Но ни того, ни другого Маше сделать не удалось. Сквозь толпу к ней пробрался шкафоподобный секьюрити, которого, как наша героиня ещё помнила, звали Павликом.
– Маш, – наклонив к художнице голову, негромко сказал он, – там какой-то настырный
– Клёво! – рассмеялась Карина. – Закрытое открытие. Ну вы, братцы, завернули!
– Павлик, это ж мой отец! – рассердилась Маша. – Пропусти немедленно! Пошли, я с тобой выйду.
Оставив Карину, которая, впрочем, не очень долго скучала в одиночестве, Маша протиснулась вслед за Павлом и минуту спустя оказалась в опустевшем холле. Охранник направился открывать входную дверь.
– Да, дочь, до тебя и не достучаться, – войдя в помещение, проговорил отец и обнял Машу. Весь такой довольный и холодный. С морозца. – У вас тут не иначе как выездная сессия ООН. У крыльца автомобили с консульскими номерами. А уж всего-то машин, и не сосчитать! Как они, бедолаги, выбираться-то будут, не представляю. Слава Богу, я на метро.
– Ну не бурчи, пап! – взмолилась Маша. – Павлик, мы пальто у тебя кинем?
– Конечно, Маш, – не стал возражать «гоблин», а потом зачем-то добавил: – Здесь-то его сто пудов никто не спиз… Не украдёт. Можете и эту хреновину оставить.
– Нет, спасибо, – поблагодарил отец. – Эту хреновину (только сейчас Маша обратила внимание на старенький тубус, который отец не выпускал из рук) я захвачу с собой.
– Лучше я оставлю вот эту фиговину, – сказала Маша и положила на ресепшн порядком надоевшие ножницы.
Именинница, взяв отца под руку, повела его в свой зал.
Веселье стояло в полном разгаре. Разбившись на кружки по интересам, присутствующие громко смеялись, что-то друг другу рассказывали, выпивали, закусывали. В общем, на открывшуюся экспозицию почти никто не обращал никакого внимания. В кои-то веки собралось вместе такое количество «нужных» людей! Неужели они будут тратить время на просмотр каких-то дурацких картинок?
Маша расстроилась. Ужасно. Отец почувствовал. Наклонился к самому её уху и прошептал:
– Дочь, пошли отсюда, а? Лучше завтра заглянем, и ты мне всё покажешь.
– Так и сделаем, – согласилась Маша. – Ты, пожалуйста, минут пять-десять здесь пострадай, я только со своими попрощаюсь и оденусь.

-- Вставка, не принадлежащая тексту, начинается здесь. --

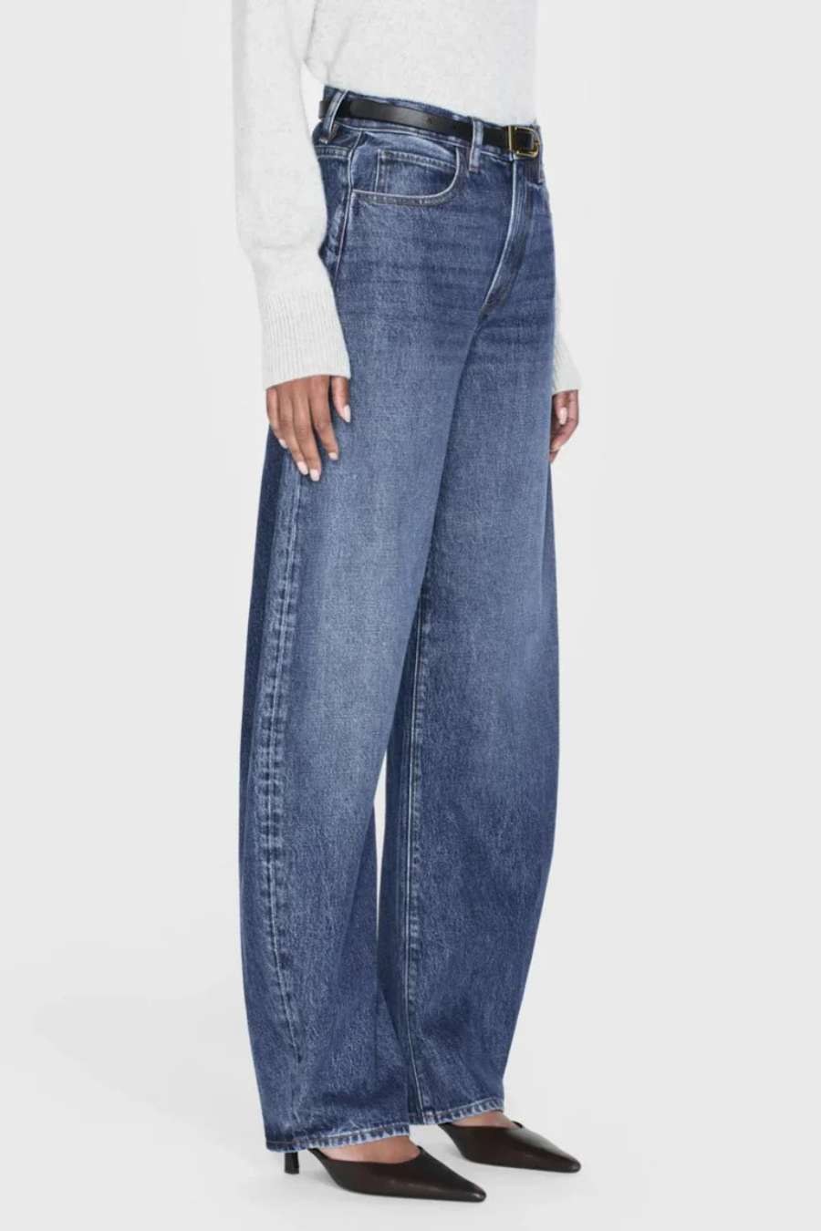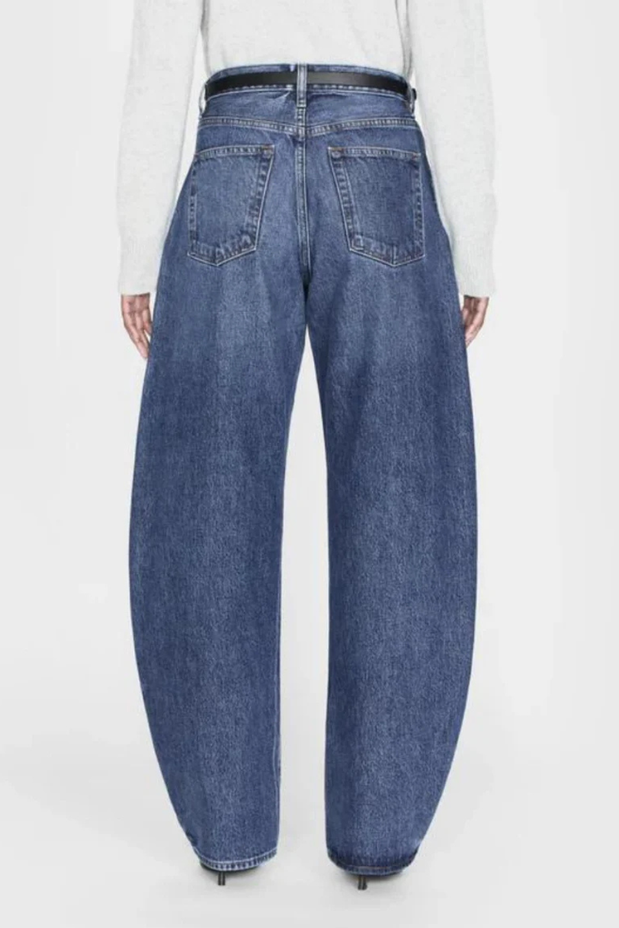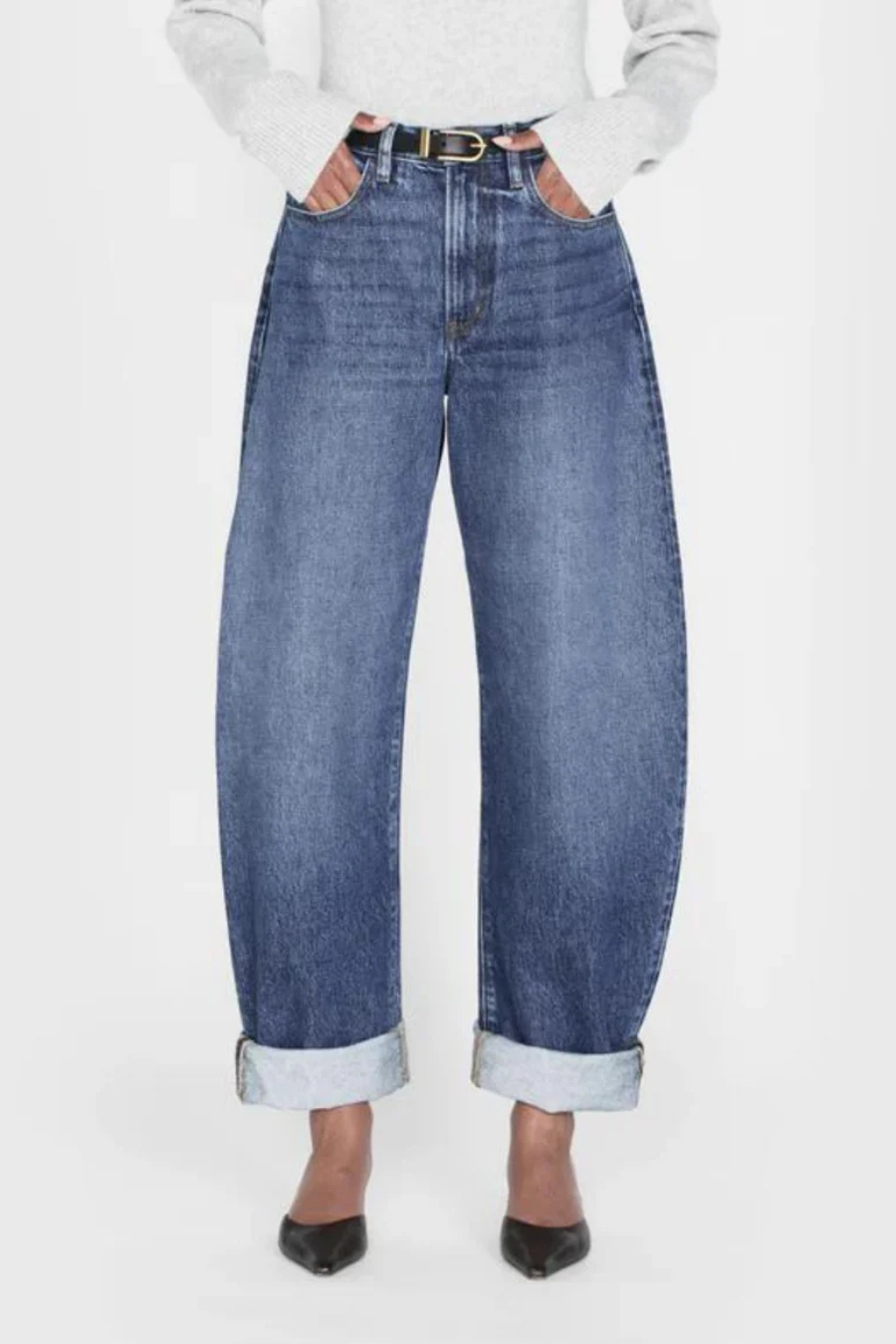 An exaggerated take on the trending barrel silhouette, this unique fit is your new closet necessity. With a flattering high rise, these jeans feature a curved outseam for a playful bubble effect. Designed to be worn cuffed and hit at the ankle, the 2.5" twice-rolled cuff can be unrolled for a longer, more dramatic inseam.

Налив отцу бокал шампанского и оставив его за столом, расстроенная равнодушием публики виновница торжества пошла искать Мамаева. Родины ни в одном из залов не оказалось. Куда ж он подевался? Отыскав Карлсона, а затем и Карину, она объяснила им своё состояние, договорилась с Зацепиной завтрашние «репинские посиделки» не отменять, простилась и пошла в кабинет галериста за пальто и сапогами.
Из-за двери слышался непринуждённый смех.
– Здорово, лапа, что ты к нам заглянула! – приветствовал её Антон, не успела Маша войти. – Мы как раз с Фредом говорим о твоих работах.
– Та, сторово! – восхищённо повторил уже знакомый Маше (правда, только внешне)
«Деляга» поднялся с кресла и, галантно взяв Машину руку в свою огромную, сухую и холодную ладонь, чуть прикоснулся к ней такими же безжизненными губами. Маша обратила внимание на его глаза – стальные, сияющие каким-то неземным блеском. Жуть! Впрочем, быстро взяла себя в руки.
– Очень, приятно, – постаралась как можно непринужденнее улыбнуться именинница, – Мария Терпилова.
– Маш, тут Фред предлагает нам с тобой сотрудничество, – прервал взаимные любезности Родина. – Я думаю, мы не станем отказываться. Ты как?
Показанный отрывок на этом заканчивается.